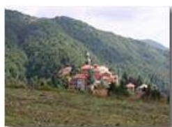
Santuario della Vittoria a fine estate

Pietro Marcheselli - Canon EOS 300D 2005 - Estate - Savignone - Fiori&Fauna
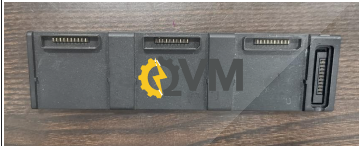
Banco de carga
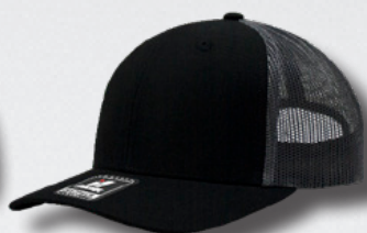
BLACK - OXFORD

**Your instructions:**
Quote the preceding listing precisely and completely, omitting its images.

**Answer area:**
Santuario della Vittoria a fine estate

Pietro Marcheselli - Canon EOS 300D 2005 - Estate - Savignone - Fiori&Fauna
Banco de carga
BLACK - OXFORD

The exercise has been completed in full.